EXTRACTED INFORMATION:
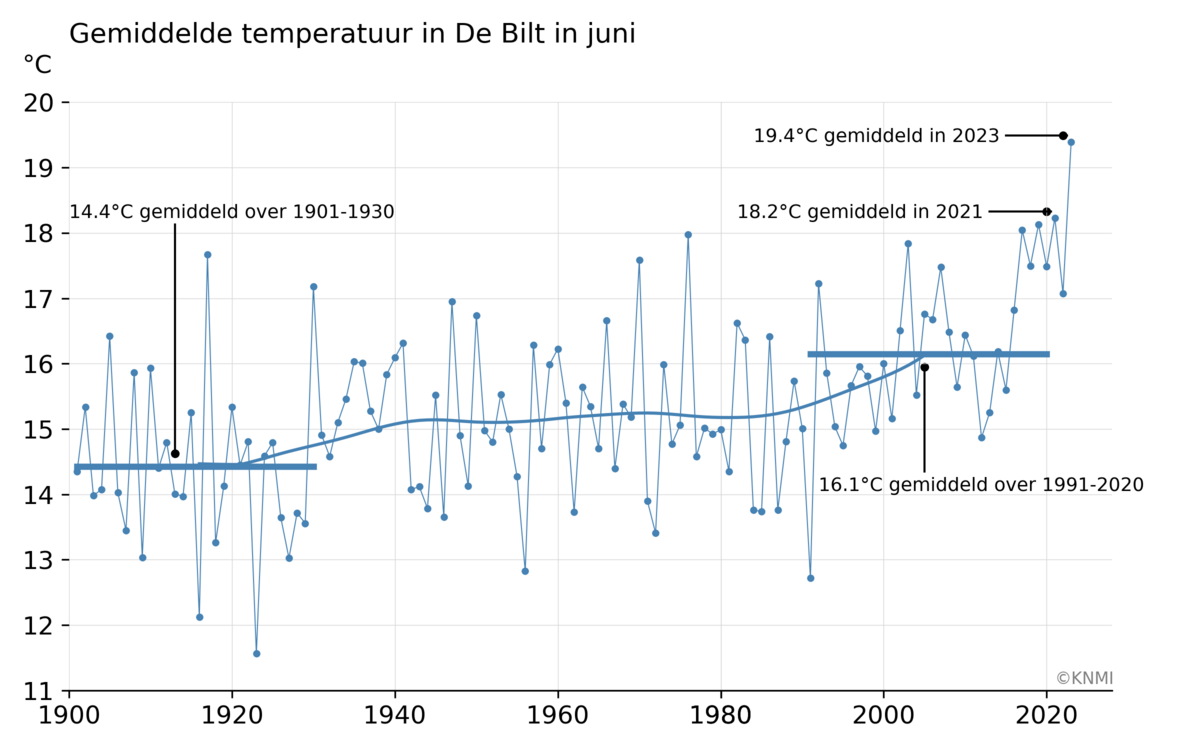 Met een gemiddelde temperatuur van 19,4°C was juni ruim 3 graden warmer dan normaal. Een junimaand zoals deze is ook in ons huidige klimaat uitzonderlijk. In De Bilt komt dit gemiddeld nu eens in de 45 jaar voor. Aan het begin van vorige eeuw was zo'n warme junimaand vrijwel onmogelijk.
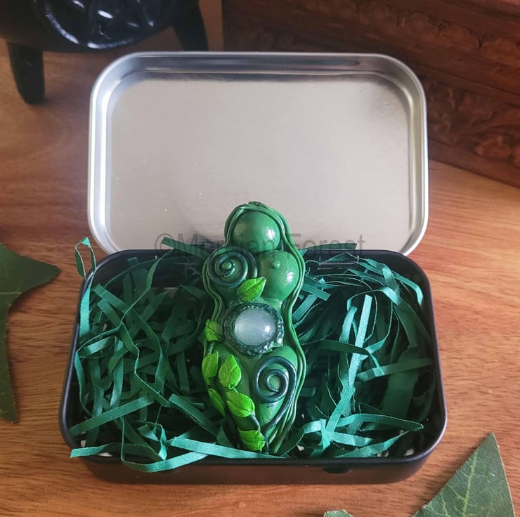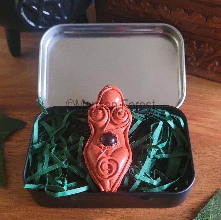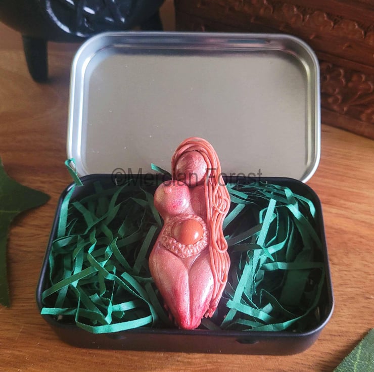 This listing for a beautiful engraved Triple Goddess Tin, complete with one of our hand sculpted Polymer Clay altar Goddesses.
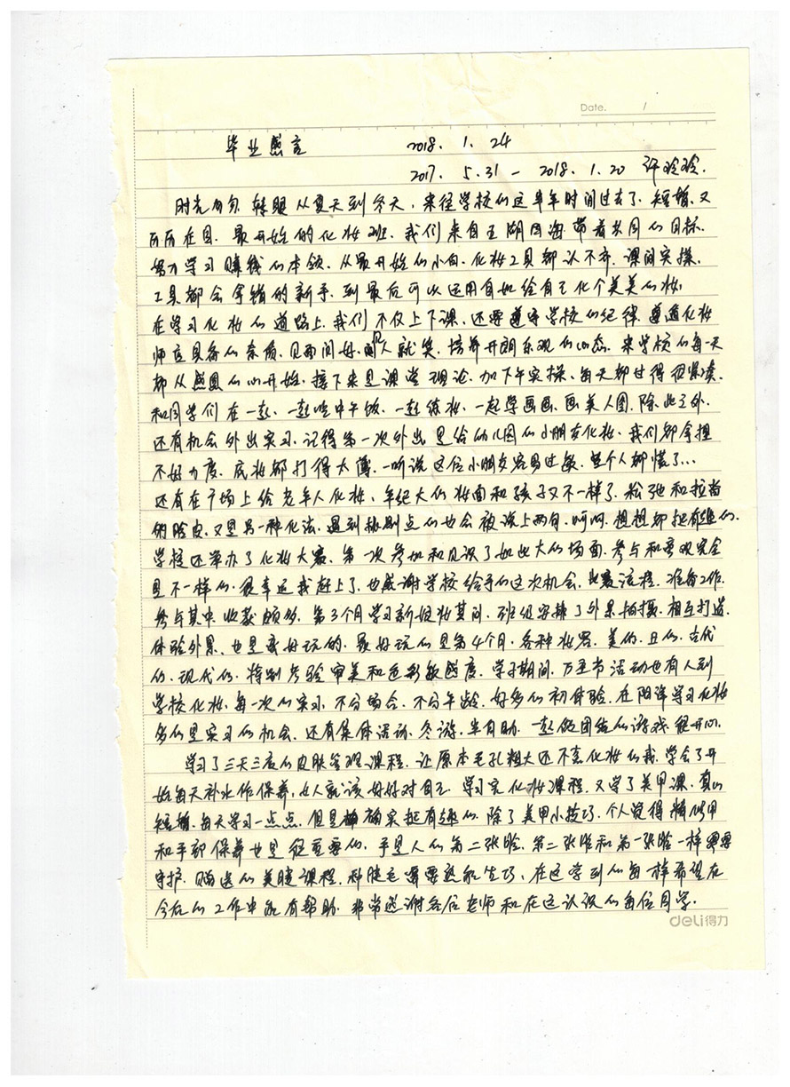 當(dāng)前位置:樂清市陽洋職業(yè)技能培訓(xùn)學(xué)校 » 學(xué)員感悟許玲玲同學(xué)畢業(yè)感言發(fā)布時(shí)間:2018-10-23 10:52:00瀏覽次數(shù):1957 |
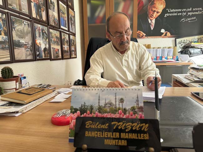 Zonguldak’ın Bahçelievler Mahallesi’nde yaşayan 66 yaşındaki Bülent Tüzün; 28 yıl muhtarlık görevi sürdükten sonra görevi bırakan babası Selahattin Tüzün’den sonra 30 yıldır muhtarlık görevini sürdürüyor.
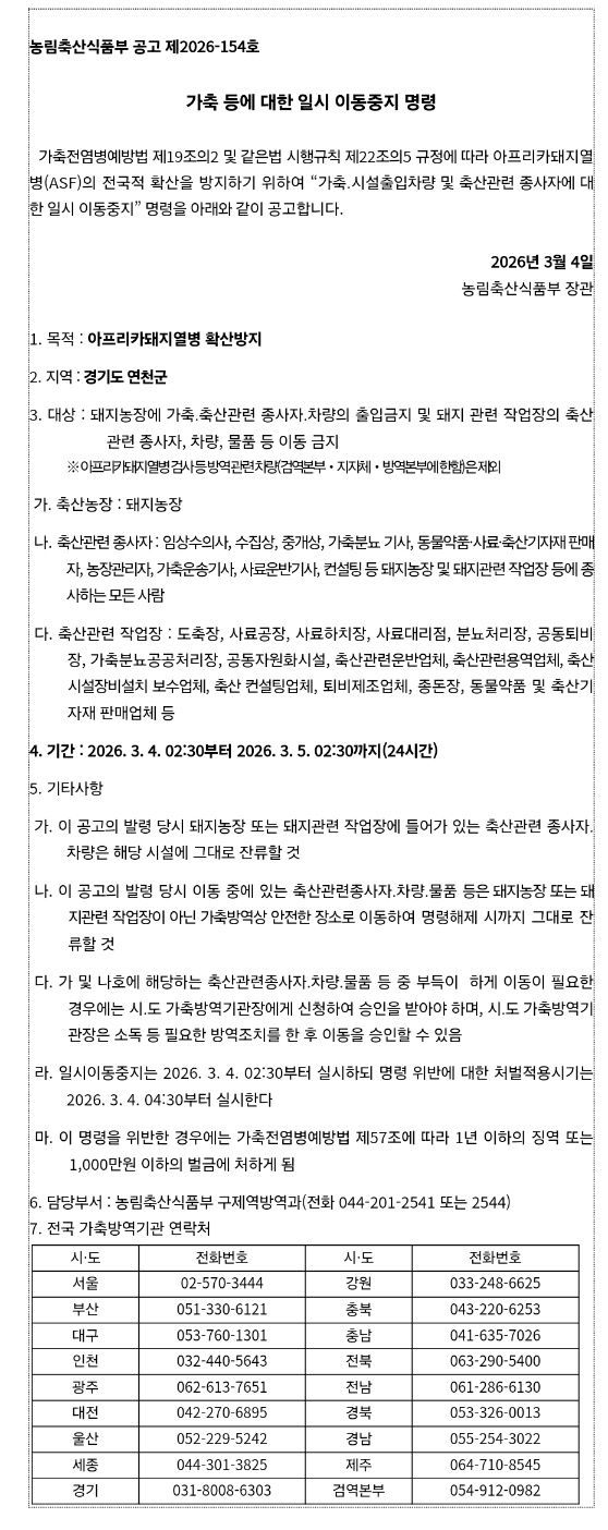 [긴급] 연천 ASF 발생에 따른 일시 이동중지 명령 3.5 02:30까지(24시간)

WHAT TO PRODUCE:
Omit the pictures. Output every record above word for word.

FINAL ANSWER:
 Met een gemiddelde temperatuur van 19,4°C was juni ruim 3 graden warmer dan normaal. Een junimaand zoals deze is ook in ons huidige klimaat uitzonderlijk. In De Bilt komt dit gemiddeld nu eens in de 45 jaar voor. Aan het begin van vorige eeuw was zo'n warme junimaand vrijwel onmogelijk.
 This listing for a beautiful engraved Triple Goddess Tin, complete with one of our hand sculpted Polymer Clay altar Goddesses.
 當(dāng)前位置:樂清市陽洋職業(yè)技能培訓(xùn)學(xué)校 » 學(xué)員感悟許玲玲同學(xué)畢業(yè)感言發(fā)布時(shí)間:2018-10-23 10:52:00瀏覽次數(shù):1957 |
 Zonguldak’ın Bahçelievler Mahallesi’nde yaşayan 66 yaşındaki Bülent Tüzün; 28 yıl muhtarlık görevi sürdükten sonra görevi bırakan babası Selahattin Tüzün’den sonra 30 yıldır muhtarlık görevini sürdürüyor.
 [긴급] 연천 ASF 발생에 따른 일시 이동중지 명령 3.5 02:30까지(24시간)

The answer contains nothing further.